Task description: Pictures are to be omitted; everything else in the data must be transcribed exactly.

Data shown:
=== Begin Enclosure ===
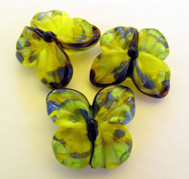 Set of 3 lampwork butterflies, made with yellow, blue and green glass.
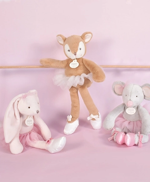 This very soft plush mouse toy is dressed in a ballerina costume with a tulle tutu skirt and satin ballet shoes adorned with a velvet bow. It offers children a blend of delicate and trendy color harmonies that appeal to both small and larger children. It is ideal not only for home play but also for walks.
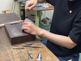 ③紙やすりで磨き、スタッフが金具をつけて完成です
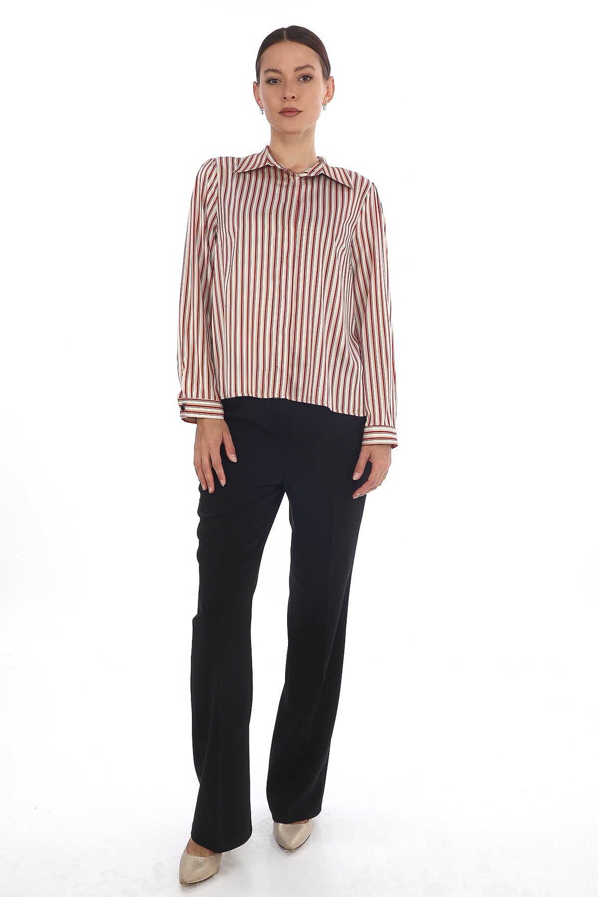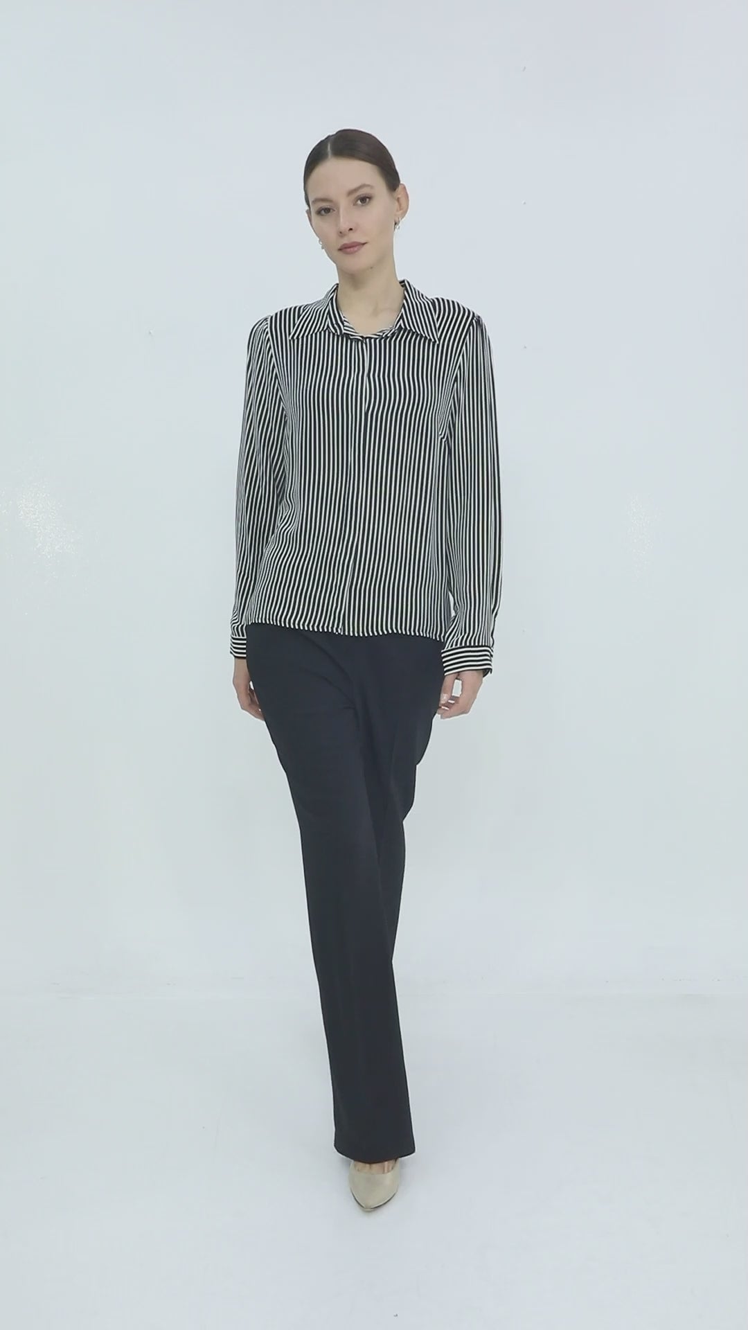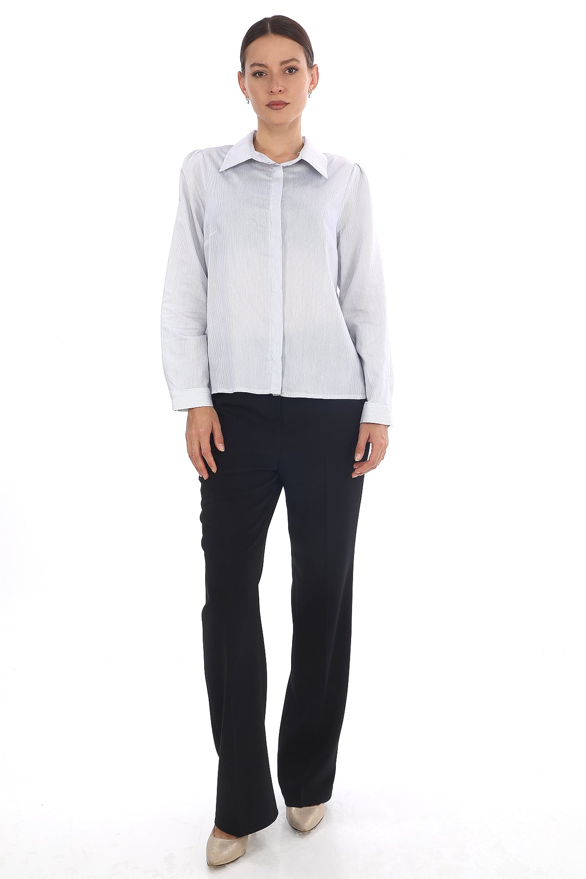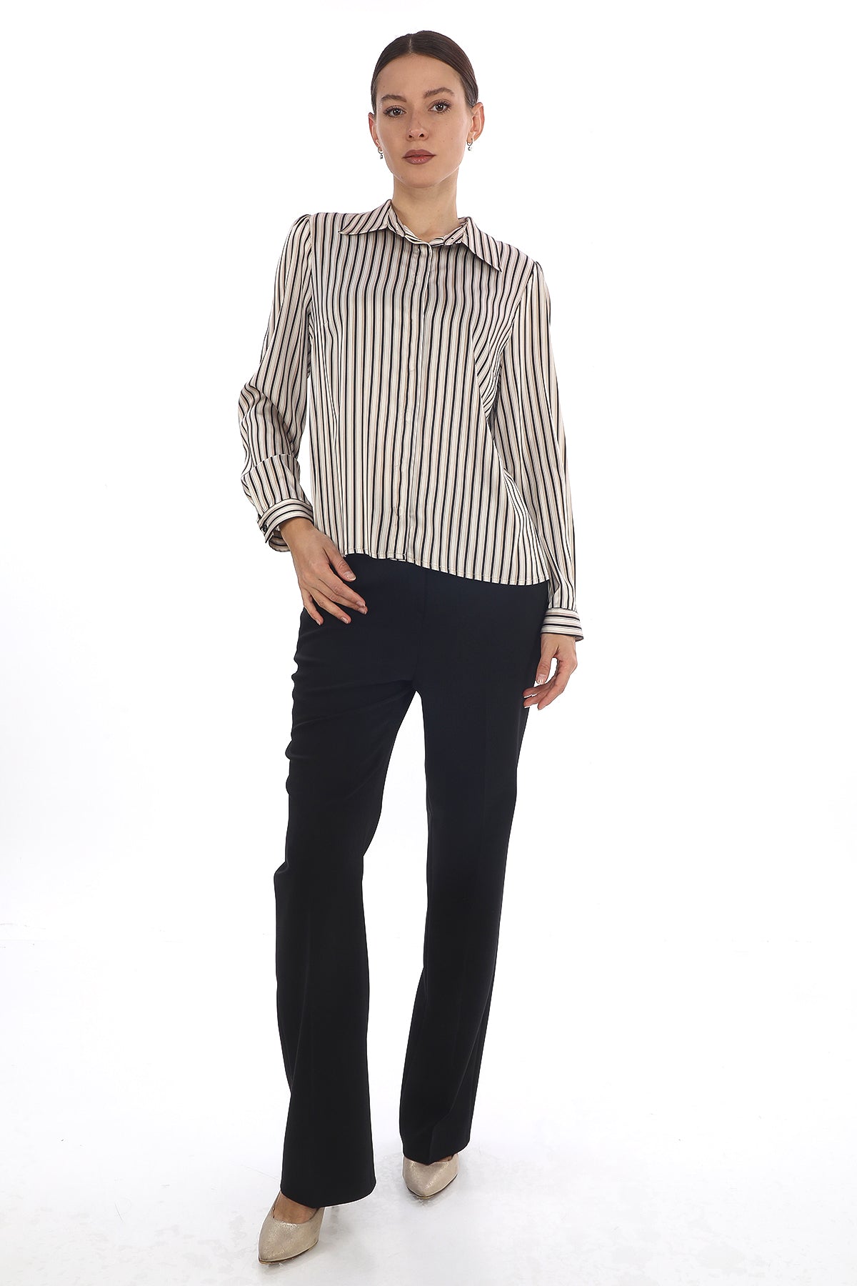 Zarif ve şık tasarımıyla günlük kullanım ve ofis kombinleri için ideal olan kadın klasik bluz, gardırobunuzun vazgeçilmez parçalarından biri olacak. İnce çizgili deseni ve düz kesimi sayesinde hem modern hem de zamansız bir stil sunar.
=== End Enclosure ===
Result below:
 Set of 3 lampwork butterflies, made with yellow, blue and green glass.
 This very soft plush mouse toy is dressed in a ballerina costume with a tulle tutu skirt and satin ballet shoes adorned with a velvet bow. It offers children a blend of delicate and trendy color harmonies that appeal to both small and larger children. It is ideal not only for home play but also for walks.
 ③紙やすりで磨き、スタッフが金具をつけて完成です
 Zarif ve şık tasarımıyla günlük kullanım ve ofis kombinleri için ideal olan kadın klasik bluz, gardırobunuzun vazgeçilmez parçalarından biri olacak. İnce çizgili deseni ve düz kesimi sayesinde hem modern hem de zamansız bir stil sunar.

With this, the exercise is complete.